ROANOKE TIMES

                         Roanoke Times
                 Copyright (c) 1995, Landmark Communications, Inc.

DATE: THURSDAY, January 19, 1995                   TAG: 9501190131
SECTION: VIRGINIA                    PAGE: C-3   EDITION: METRO 
SOURCE: 
DATELINE:                                 LENGTH: Medium


IN VIRGINIA

Richmond brings back truant officers

RICHMOND - A pair of police officers has been assigned to crack down on students playing hooky from Richmond schools.

Miles Jones and Nathaniel Hudson, both security experts at area high schools, will begin combing city streets for truants within the next two weeks, the Richmond School Board announced Tuesday.

``It's another step in the process of making sure all school-age students are in school,'' Superintendent Lucille M. Brown said.

Truant officers, who are charged with picking up students and taking them back to school, last were used about 15 years ago, Brown said.

Although Richmond's dropout rate is going down, truancy remains a major concern, Brown said.

|- Associated Press

Wife leaves home and 1,500 rodents

STERLING - Daniel Potter put up with his wife's unusual hobby of breeding hundreds of rodents, living with more than 1,500 caged rats and mice.

But when the marriage went sour last month, she moved out, leaving the animals at their home with no one to tend them. That's when things started to smell.

Feces piled up in the 130 cages, and breathing in fumes from the urine gave Potter an upper-respiratory infection.

Potter called Loudoun County animal control officers, who confiscated 1,500 rats and mice, as well as eight rabbits, eight snakes, two prairie dogs and a hedgehog.

Diane Potter has been charged with cruelty to animals and failure to provide adequate shelter.

Potter, who was busy scrubbing his house Tuesday, said he's unsure why his wife stopped caring for the animals.

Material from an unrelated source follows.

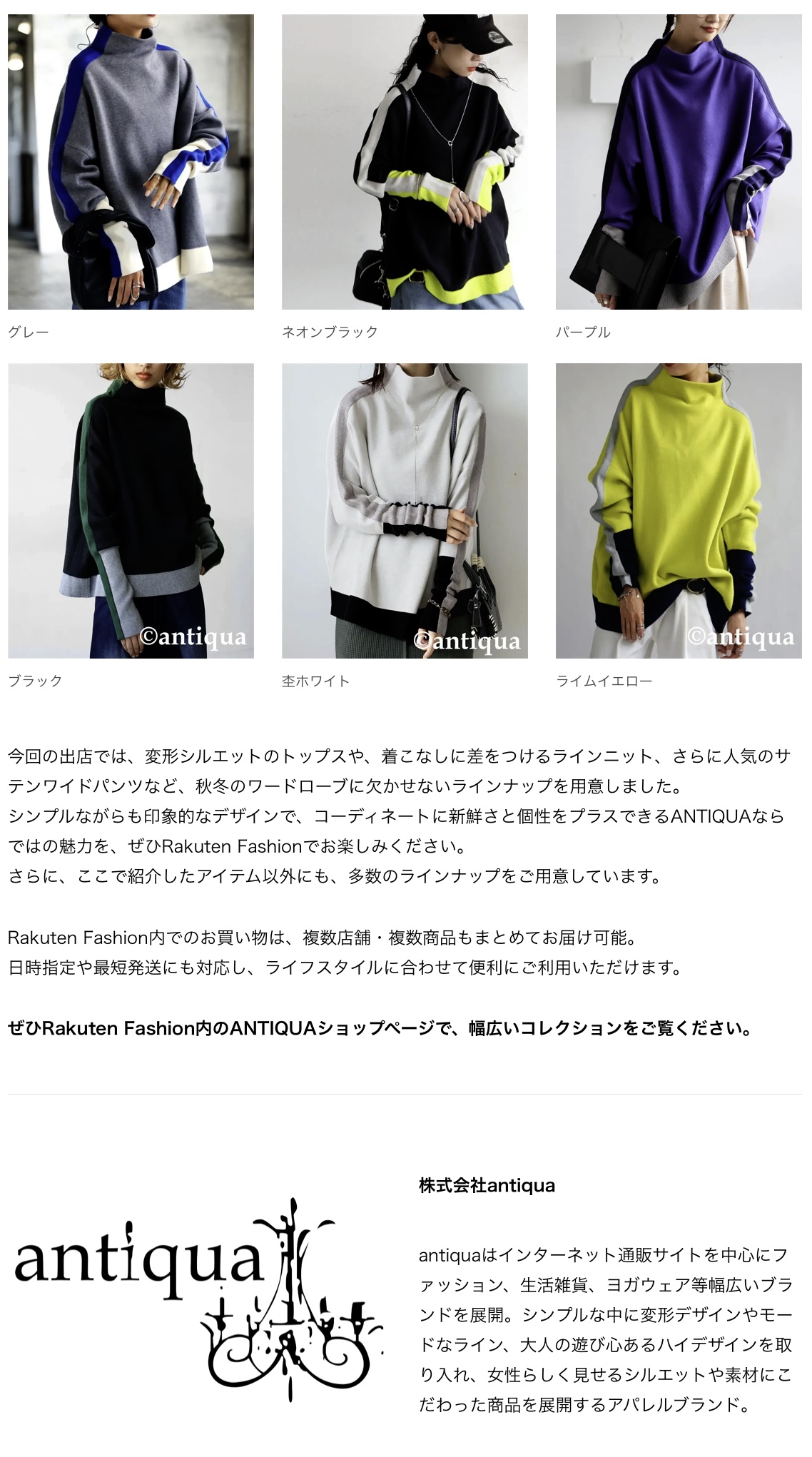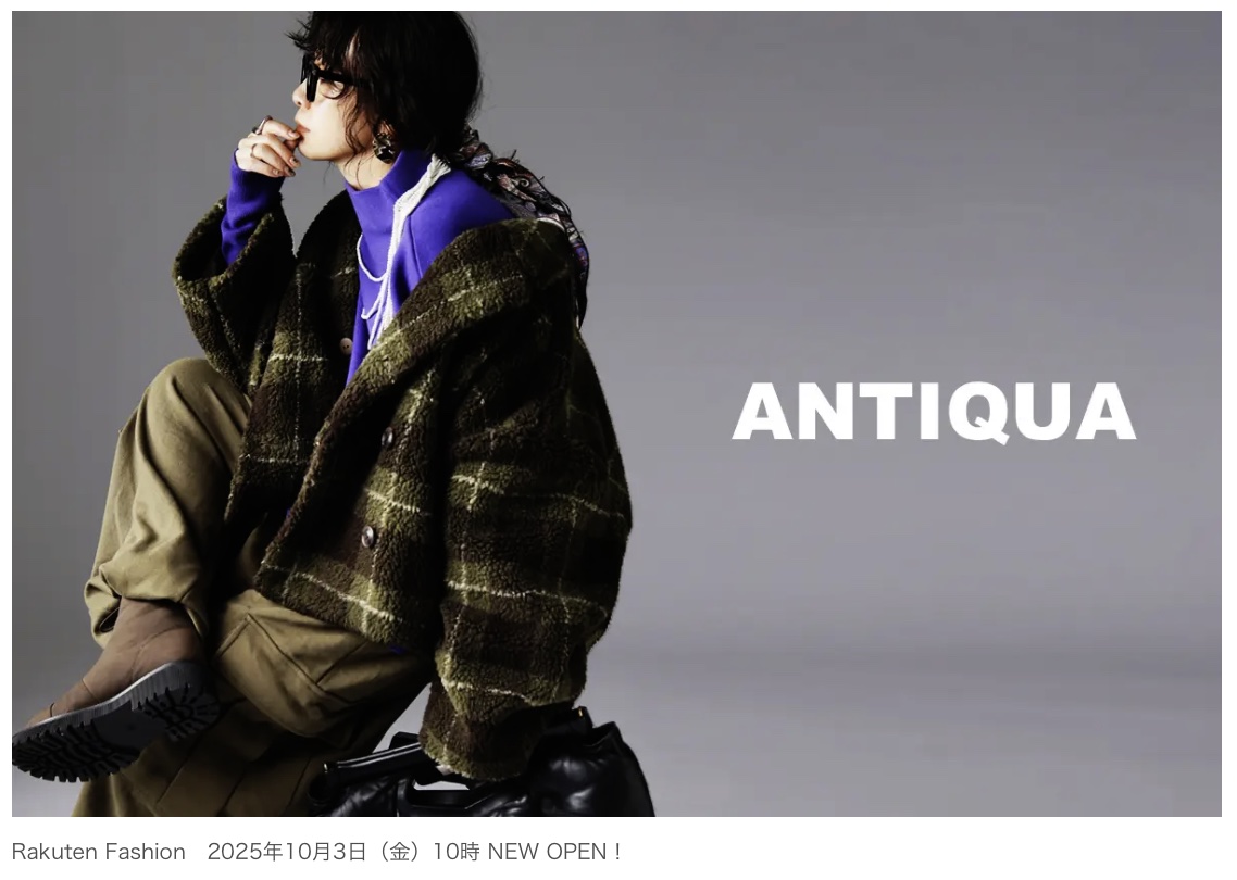 株式会社antiqua 10月3日(金)10時、ついに始まる──【 ANTIQUA 】がRakuten Fashionで新展開!! これまで以上にANTIQUAを近くに。Rakuten Fashion 出店であなたの手に届くファッションを。 (2025.10)

``The only thing I can think of is that she wanted the house, and she wanted the smell to drive me out,'' he said.

- Associated Press

Man admits dozens of molestations

ELKTON - A Shenandoah man is suspected of molesting dozens of boys ranging in age from 12 to 17 during the past 20 years in Rockingham and Page counties, Elkton Police Chief Warren Pence said.

Vincent Leroy Comer, 47, was arrested over the weekend by the Rockingham County Sheriff's Office on one count of sodomy and was incarcerated in the county jail.

While Comer confessed to molesting dozens of boys, he could not identify most of his victims, Pence said Tuesday.

Comer faces a drug possession charge in Elkton after police said they found about a half-ounce of marijuana and a smoking device in his car.

Comer said he lured young boys with drugs, then sodomized them, the police chief said.

- Associated Press

High-tech traffic control on the way

VIRGINIA BEACH - The Virginia Department of Transportation will launch a high-tech traffic management system in Hampton Roads this summer that will help motorists avoid highway headaches.

We've all been there:

You're cruising down the highway when off in the distance, you see the all-too-familiar glow of brake lights. There's an accident ahead, and the once-bustling roadway has become a parking lot.

But using computerized surveillance equipment, traffic controllers soon will be able to provide up-to-the-minute highway conditions to motorists already en route.

Eventually, the new traffic center will provide a direct feed to news media, giving them access to real-time traffic conditions. Other outlets include computer bulletin boards, information kiosks in hotel lobbies and shopping malls, and even a ``traffic channel'' for cable TV subscribers.